Sabrina knew how to talk the talk. She was a politician’s daughter, after all. “Actually, yes,” she answered. “If you were out of shape and wheezing with every breath you drew, I can’t say I’d be eager to jump out of a plane with you.”
“I got the impression you weren’t so eager to jump out of a plane with anyone.”
“I’m sure a lot of people feel that way right about the time they sign their paperwork,” Sabrina said.
“Only the ones who’re talked into coming by some one else,” he bantered. “But those people don’t normally come alone. They come with a girlfriend, a boyfriend, a pal. That ‘someone’ they are trying to please by pushing themselves. Who are you here to please, Sabrina?”
Her chin lifted, fingers lacing together in front of her, as they rested on top of the forms. “Myself.” For the first time in a very long time, she added silently.
His eyes narrowed. “By pushing yourself to do something that scares you?”
“More like something I wouldn’t normally do,” she countered, not giving him more than she had to.
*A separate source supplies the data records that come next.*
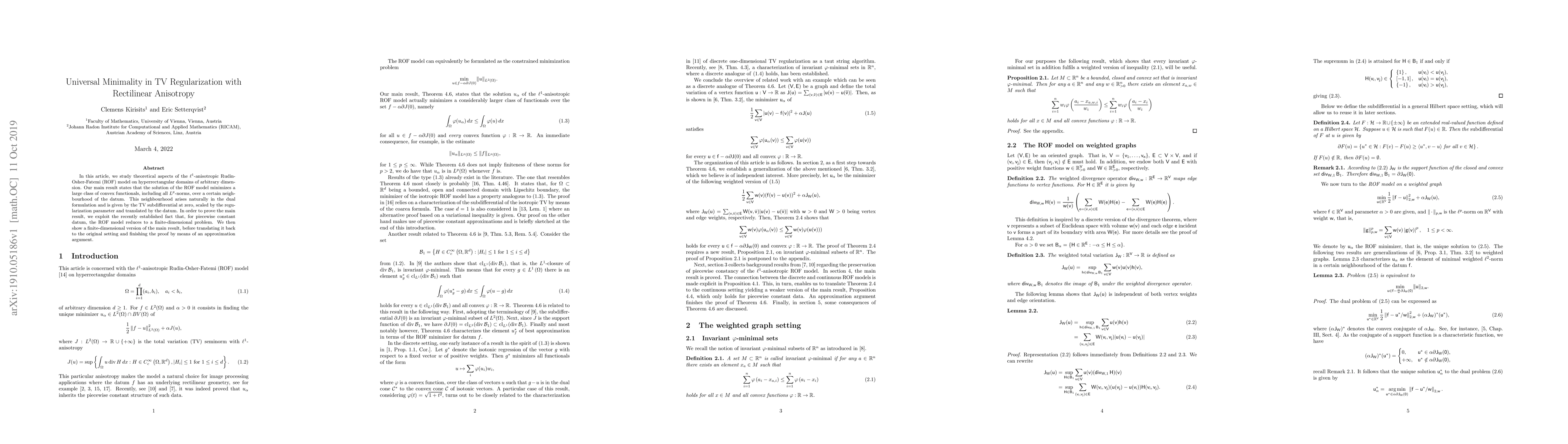 In this article, we study theoretical aspects of the $\ell^{1}$-anisotropic Rudin-Osher-Fatemi (ROF) model on hyperrectangular domains of arbitrary dimension. Our main result states that the solution of the ROF model minimizes a large class of convex functionals, including all $L^p$-norms, over a certain neighbourhood of the datum. This neighbourhood arises naturally in the dual formulation and is given by the TV subdifferential at zero, scaled by the regularization parameter and translated by the datum. In order to prove the main result, we exploit the recently established fact that, for piecewise constant datum, the ROF model reduces to a finite-dimensional problem. We then show a finite-dimensional version of the main result, before translating it back to the original setting and finishing the proof by means of an approximation argument.
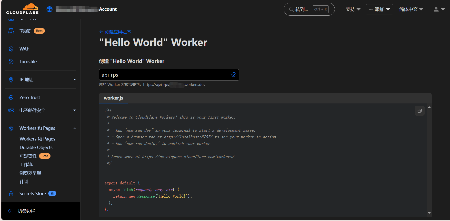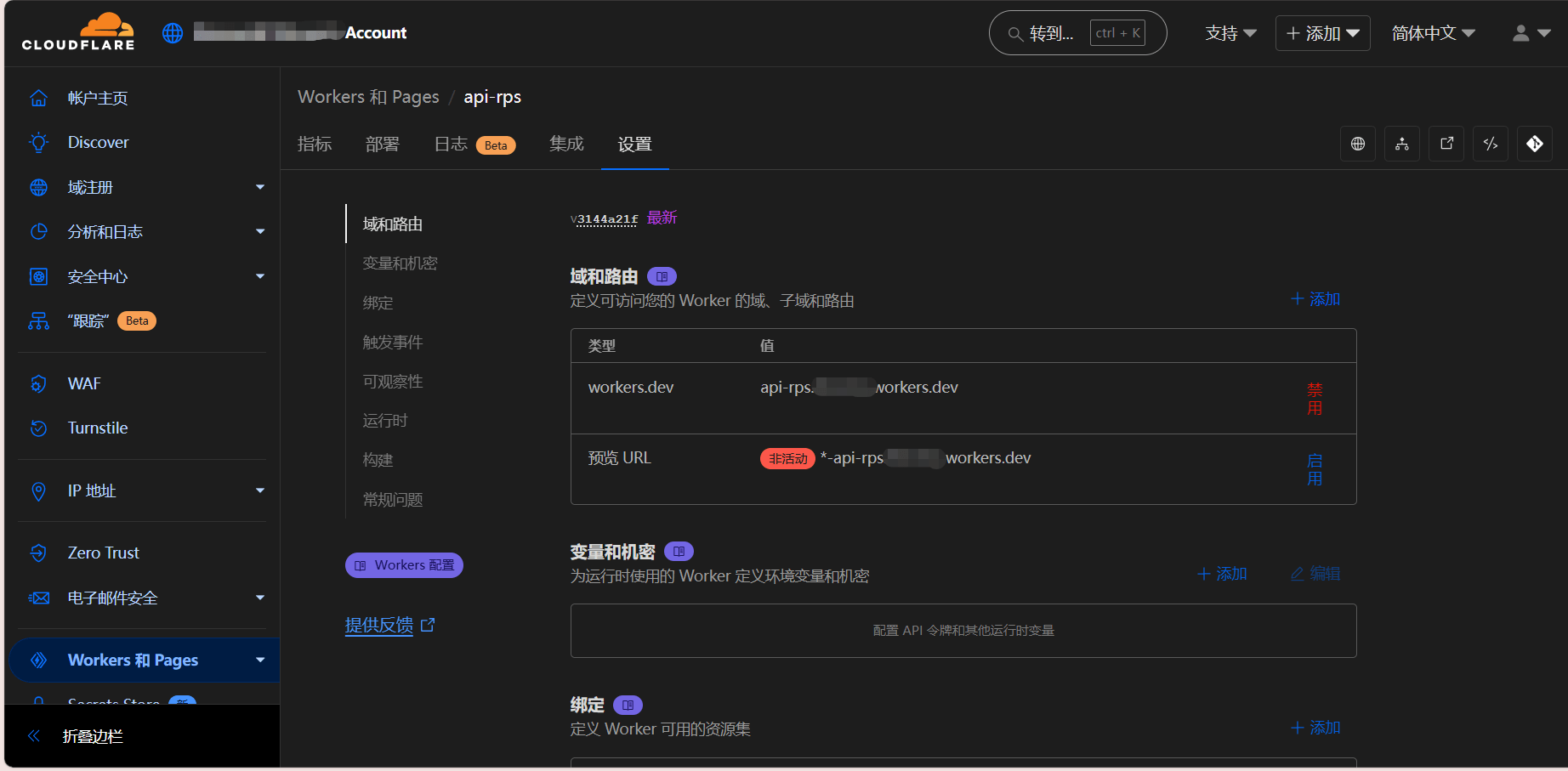 看到域和路由,将workers.dev后面跟着的那一串链接(以workers.dev结尾的)复制,然后拉出去访问
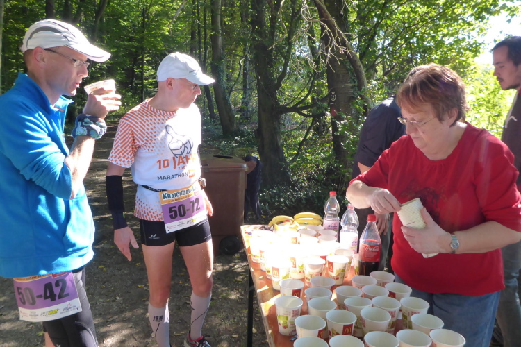 Manchmal sind es die Kleinigkeiten: Schon von weitem werden wir begrüßt „Aah, zwei 50 km Läufer - die kommen zu uns.“ Die VP ist hier nämlich geteilt, ein Teil für die 33 km Läufer und der andere für die Ultras. Nach diesem freundlichen Empfang lassen wir es uns erst einmal schmecken. Die Helfer informieren uns über den weiteren Streckenverlauf. Wir laufen erneut eine Schleife und kommen dann wieder zurück. Ein anderer Ultra ist bereits auf dem Rückweg. Nanu, hat er nicht nur noch 2 km bis ins Ziel? Er trinkt, als gäbe es kein Morgen. Erst später wird mir klar, dass man von hier nicht den direkten Weg ins Ziel nimmt - aber davon später.
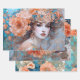 Romantic floral portrait decoupage paper set – 3 designs for furniture flips, wall art, junk journalling, and gift wrap projects. The Vintage Romantic Floral Portrait Decoupage Paper Set features three striking designs, including an enchanting female portrait framed by lush flowers. Perfect for feature panels on furniture, gallery wall art, junk journals, wedding décor, and gift wrapping. A stunning choice for mixed media artists who want a focal point in their work. Copyright Hautegraphique.
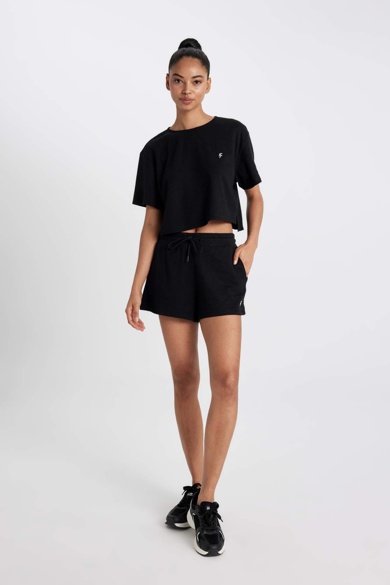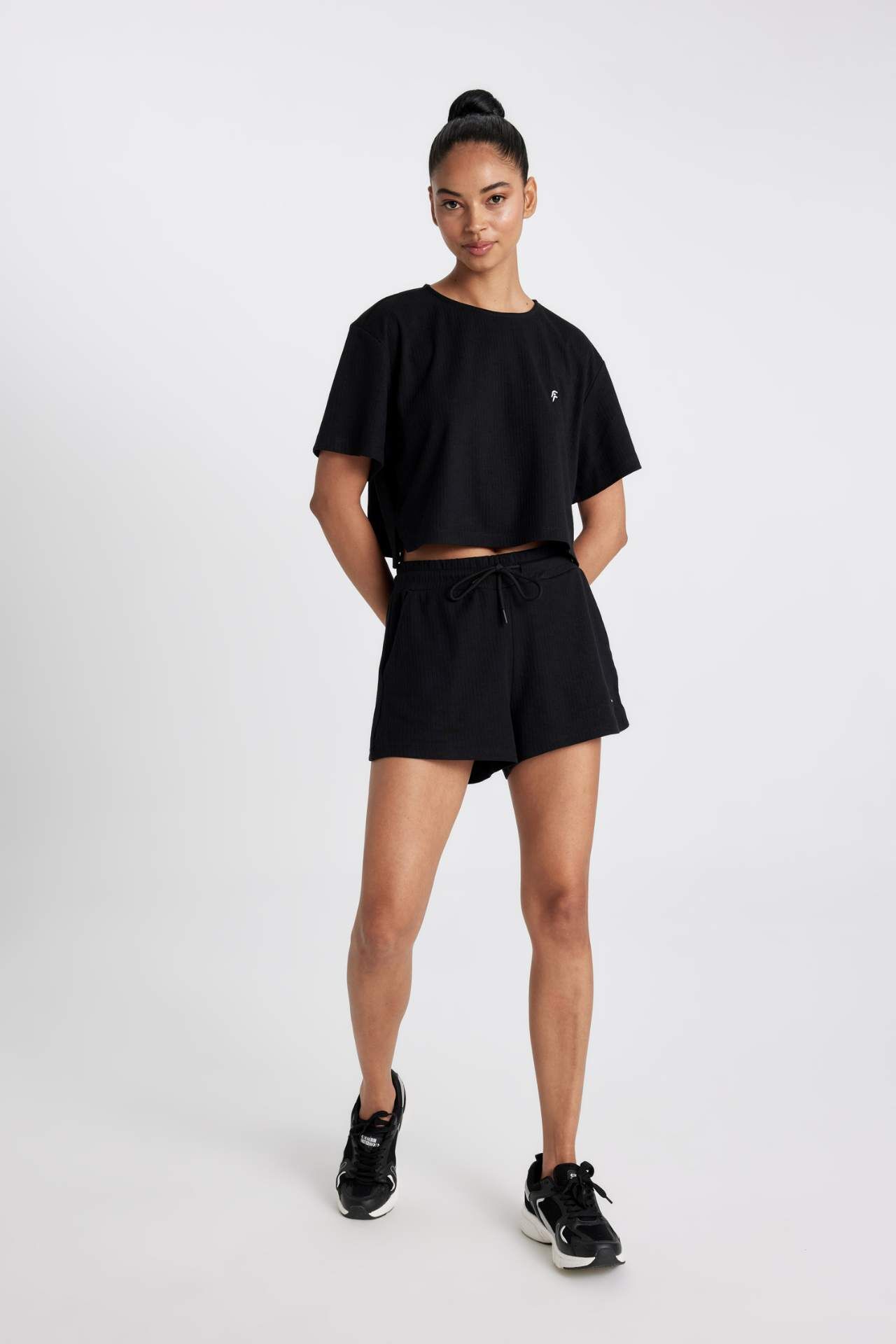 DeFacto DeFactoFit Standart Fit Sporcu Düz Paça Ribana Şort A9919AX24SMBK81
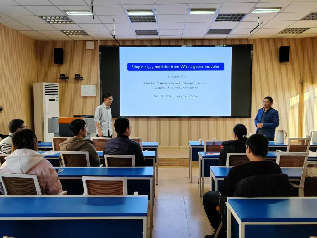12月15日下午,应永利23411集团邀请,广州大学郭向前教授来公司为广大师生做了题为《Simple sl_d+1-modules from Witt algebra modules》的学术报告。报告会由经理蔡礼明教授主持,部分老师及研究生聆听了此次报告。
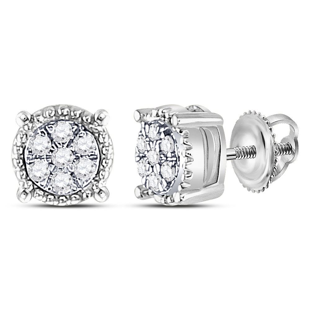 10kt White Gold Womens Round Diamond Flower Cluster Milgrain Stud Earrings 1/10 Cttw

This was her private journey. He didn’t need to understand it to be a part of it.
“I need more than that if I’m taking you up,” he said, rejecting her evasive answer.
“Why?” she snapped back instantly.
“Because I’m responsible for you up there,” he said quickly, and then hit her with another question. “Are you afraid of heights?”
“No.”
“Flying?”
“No.”
“Falling?”
“No.”
He studied her from under the ridge of his hat. “Dying?”
She considered that a moment. “No. No, I’m not afraid of dying. Once it’s over, it’s over. I think I’m okay with that. And do you ask these questions of everyone you take up for jumps?”
“No,” he said. “But Caleb does.”
“I didn’t ask for Caleb,” she said. “I asked for you.”
“Why?”
Why. She’d walked right into that, but decided quickly she didn’t care. Fine. He needed to know. He could know. Maybe sharing what she felt was a part of letting go of control.